Dataset:
<<<<

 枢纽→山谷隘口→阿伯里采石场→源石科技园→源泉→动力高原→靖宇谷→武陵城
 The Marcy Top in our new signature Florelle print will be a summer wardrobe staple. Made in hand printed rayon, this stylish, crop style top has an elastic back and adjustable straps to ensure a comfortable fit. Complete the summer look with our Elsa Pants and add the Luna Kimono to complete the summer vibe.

>>>>
<<<<

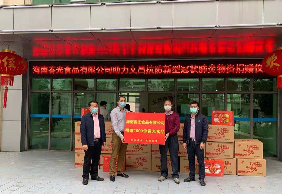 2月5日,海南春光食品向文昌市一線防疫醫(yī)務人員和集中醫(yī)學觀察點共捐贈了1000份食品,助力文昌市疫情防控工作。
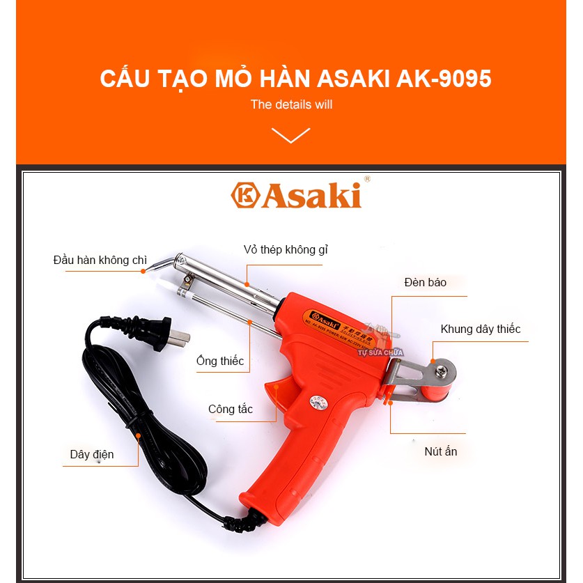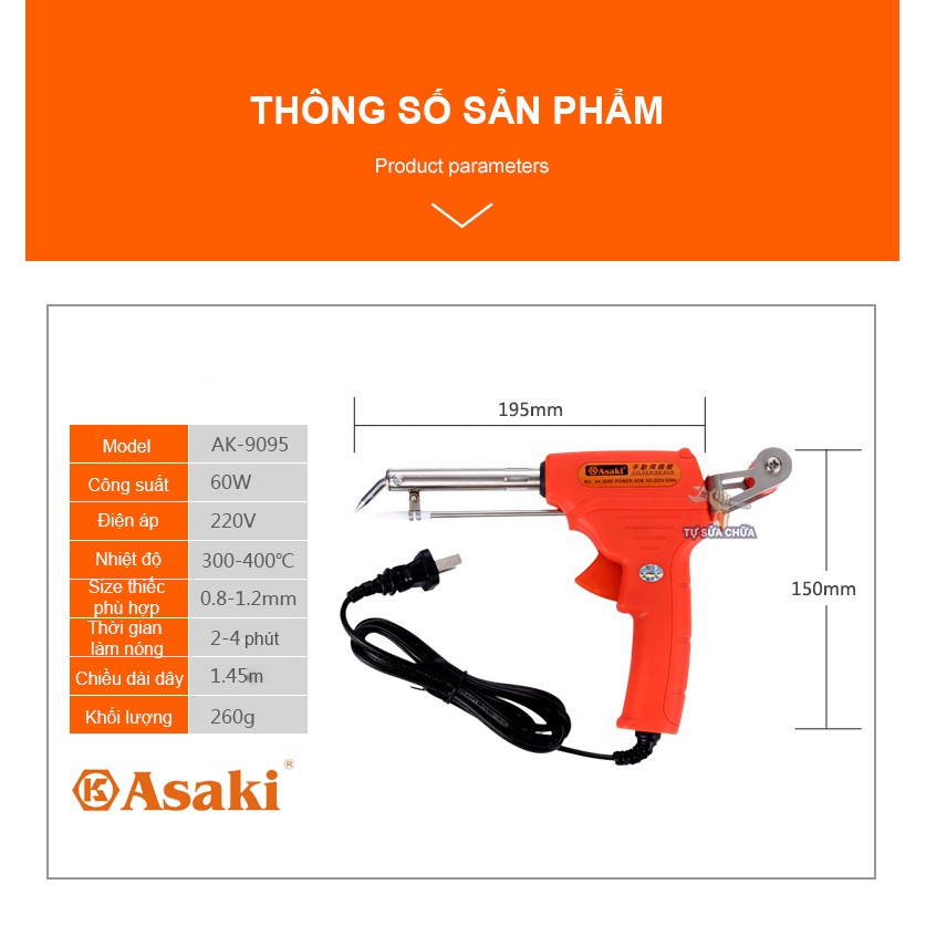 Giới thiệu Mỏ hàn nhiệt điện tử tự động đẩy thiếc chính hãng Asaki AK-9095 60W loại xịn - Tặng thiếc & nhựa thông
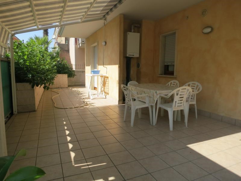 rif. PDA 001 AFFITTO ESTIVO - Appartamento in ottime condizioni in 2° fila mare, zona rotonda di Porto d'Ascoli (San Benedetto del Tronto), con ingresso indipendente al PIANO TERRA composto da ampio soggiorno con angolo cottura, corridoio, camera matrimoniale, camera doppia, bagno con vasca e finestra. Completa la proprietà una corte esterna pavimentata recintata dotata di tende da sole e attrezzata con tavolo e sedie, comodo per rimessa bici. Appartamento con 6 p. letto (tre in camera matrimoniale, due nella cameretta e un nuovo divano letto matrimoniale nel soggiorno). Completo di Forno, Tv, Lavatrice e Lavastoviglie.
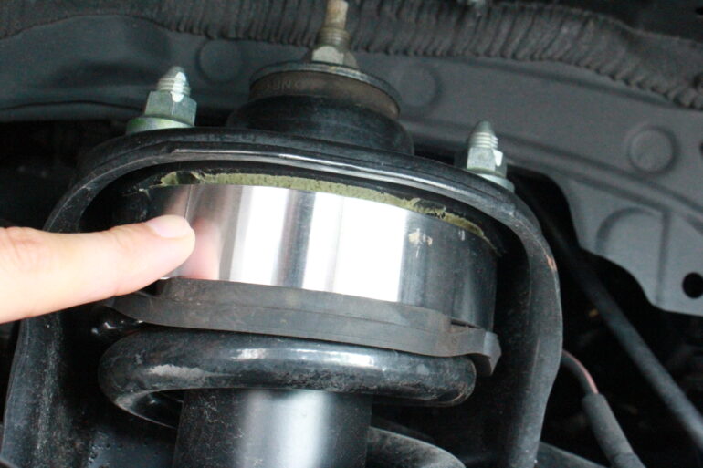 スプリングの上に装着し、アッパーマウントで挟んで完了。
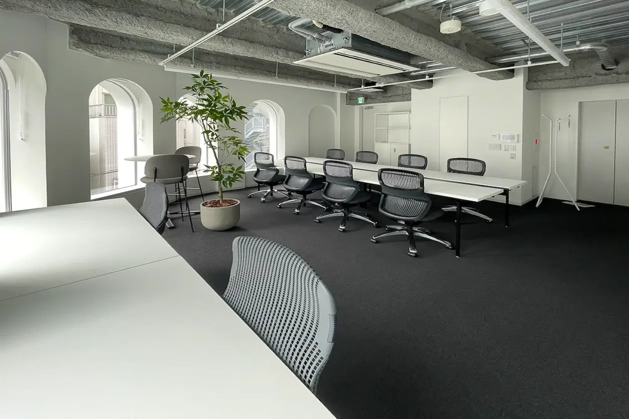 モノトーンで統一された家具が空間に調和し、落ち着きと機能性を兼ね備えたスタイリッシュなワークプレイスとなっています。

>>>>
<<<<

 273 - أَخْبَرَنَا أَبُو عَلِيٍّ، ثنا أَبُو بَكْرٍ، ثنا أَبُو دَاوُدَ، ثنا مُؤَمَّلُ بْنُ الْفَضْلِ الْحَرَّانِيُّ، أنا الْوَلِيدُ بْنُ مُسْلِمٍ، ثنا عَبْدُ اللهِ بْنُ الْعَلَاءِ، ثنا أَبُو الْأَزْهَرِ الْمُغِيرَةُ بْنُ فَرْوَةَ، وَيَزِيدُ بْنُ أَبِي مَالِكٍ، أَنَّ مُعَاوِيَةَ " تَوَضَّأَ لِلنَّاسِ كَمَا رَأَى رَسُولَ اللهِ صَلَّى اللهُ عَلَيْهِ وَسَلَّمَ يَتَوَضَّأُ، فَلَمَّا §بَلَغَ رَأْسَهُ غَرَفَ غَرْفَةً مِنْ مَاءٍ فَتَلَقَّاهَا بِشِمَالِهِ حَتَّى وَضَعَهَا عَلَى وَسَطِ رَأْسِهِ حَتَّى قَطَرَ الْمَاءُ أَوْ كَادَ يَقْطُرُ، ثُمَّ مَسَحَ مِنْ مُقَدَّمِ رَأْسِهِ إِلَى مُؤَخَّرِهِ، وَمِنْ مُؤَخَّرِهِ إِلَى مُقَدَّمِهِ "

>>>>

Exercise aim:
Send back exactly the lines of the listing above starting at the one with "枢纽→山谷隘口→阿伯里采石场→源石科技园→源泉→动力高原→靖宇谷→武陵城" and ending at the one with "The Marcy Top", inclusive, and no others.

Your solution:
 枢纽→山谷隘口→阿伯里采石场→源石科技园→源泉→动力高原→靖宇谷→武陵城
 The Marcy Top in our new signature Florelle print will be a summer wardrobe staple. Made in hand printed rayon, this stylish, crop style top has an elastic back and adjustable straps to ensure a comfortable fit. Complete the summer look with our Elsa Pants and add the Luna Kimono to complete the summer vibe.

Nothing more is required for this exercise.